▸ **TRY IT**
In the copy of these records, include no pictures and change nothing else.

▸ **Items listed in a dataset**
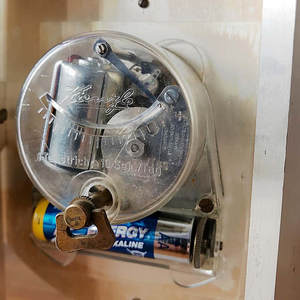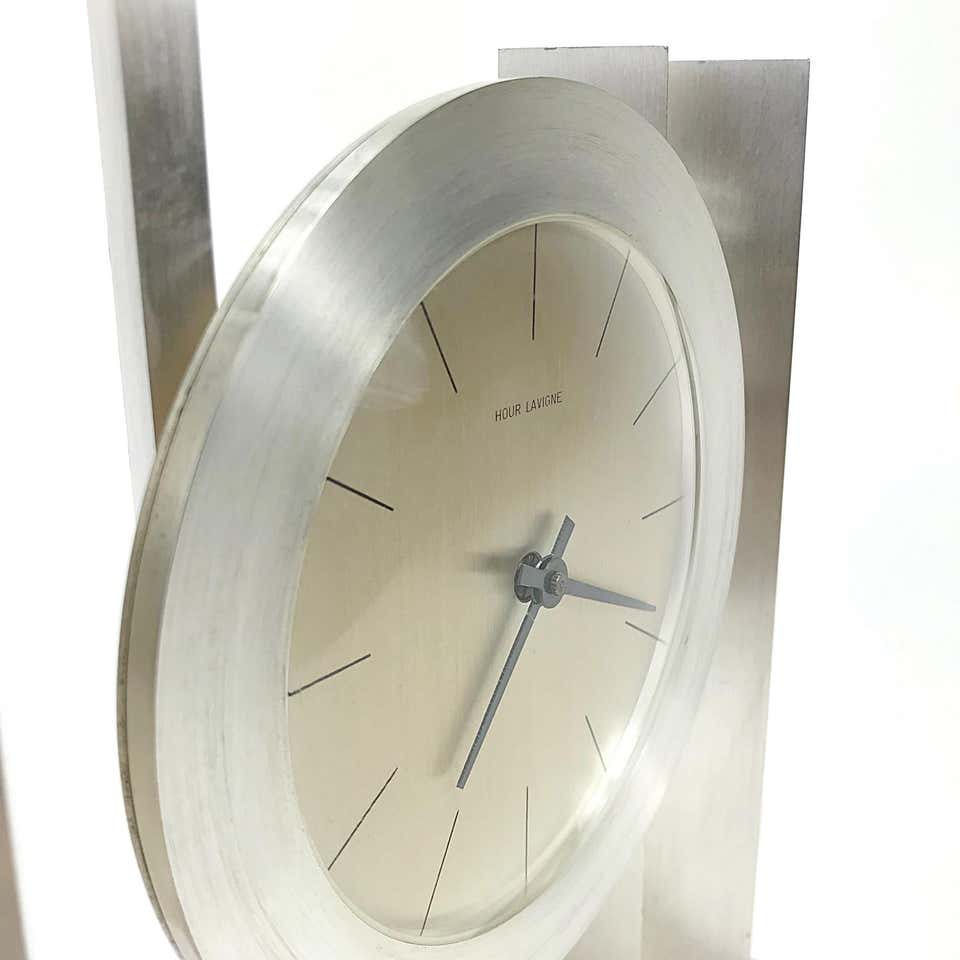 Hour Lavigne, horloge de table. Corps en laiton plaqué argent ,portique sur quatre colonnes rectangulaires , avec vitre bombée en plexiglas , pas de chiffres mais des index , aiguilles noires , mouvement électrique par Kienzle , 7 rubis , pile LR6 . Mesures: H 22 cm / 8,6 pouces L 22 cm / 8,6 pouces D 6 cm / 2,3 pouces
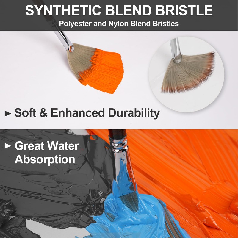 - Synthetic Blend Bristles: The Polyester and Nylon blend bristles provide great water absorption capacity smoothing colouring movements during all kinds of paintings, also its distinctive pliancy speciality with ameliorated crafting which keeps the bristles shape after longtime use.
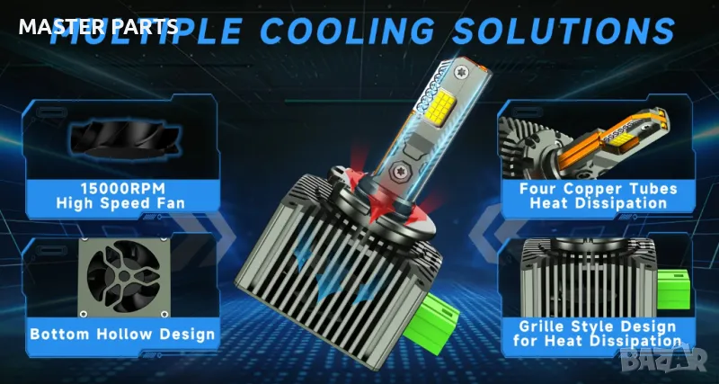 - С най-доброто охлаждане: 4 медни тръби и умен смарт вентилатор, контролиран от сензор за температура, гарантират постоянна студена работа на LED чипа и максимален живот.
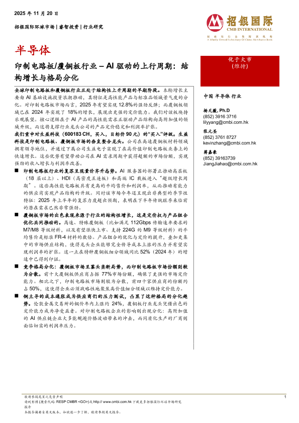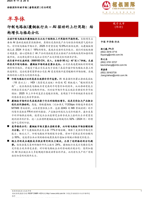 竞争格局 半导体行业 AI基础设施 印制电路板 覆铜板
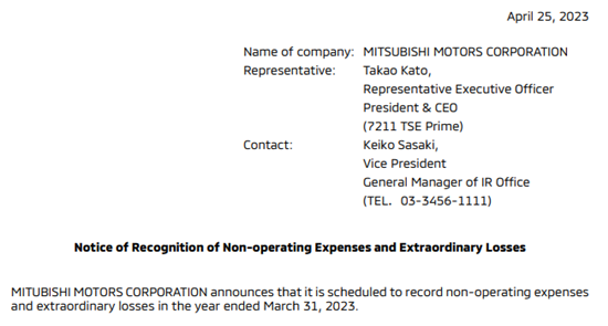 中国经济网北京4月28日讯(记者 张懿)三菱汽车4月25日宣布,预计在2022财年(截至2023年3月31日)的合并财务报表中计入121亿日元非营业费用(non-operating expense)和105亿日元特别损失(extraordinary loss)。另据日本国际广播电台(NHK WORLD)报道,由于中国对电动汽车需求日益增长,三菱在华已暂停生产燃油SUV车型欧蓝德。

▸ **EXERCISE RESULT**
 Hour Lavigne, horloge de table. Corps en laiton plaqué argent ,portique sur quatre colonnes rectangulaires , avec vitre bombée en plexiglas , pas de chiffres mais des index , aiguilles noires , mouvement électrique par Kienzle , 7 rubis , pile LR6 . Mesures: H 22 cm / 8,6 pouces L 22 cm / 8,6 pouces D 6 cm / 2,3 pouces
 - Synthetic Blend Bristles: The Polyester and Nylon blend bristles provide great water absorption capacity smoothing colouring movements during all kinds of paintings, also its distinctive pliancy speciality with ameliorated crafting which keeps the bristles shape after longtime use.
 - С най-доброто охлаждане: 4 медни тръби и умен смарт вентилатор, контролиран от сензор за температура, гарантират постоянна студена работа на LED чипа и максимален живот.
 竞争格局 半导体行业 AI基础设施 印制电路板 覆铜板
 中国经济网北京4月28日讯(记者 张懿)三菱汽车4月25日宣布,预计在2022财年(截至2023年3月31日)的合并财务报表中计入121亿日元非营业费用(non-operating expense)和105亿日元特别损失(extraordinary loss)。另据日本国际广播电台(NHK WORLD)报道,由于中国对电动汽车需求日益增长,三菱在华已暂停生产燃油SUV车型欧蓝德。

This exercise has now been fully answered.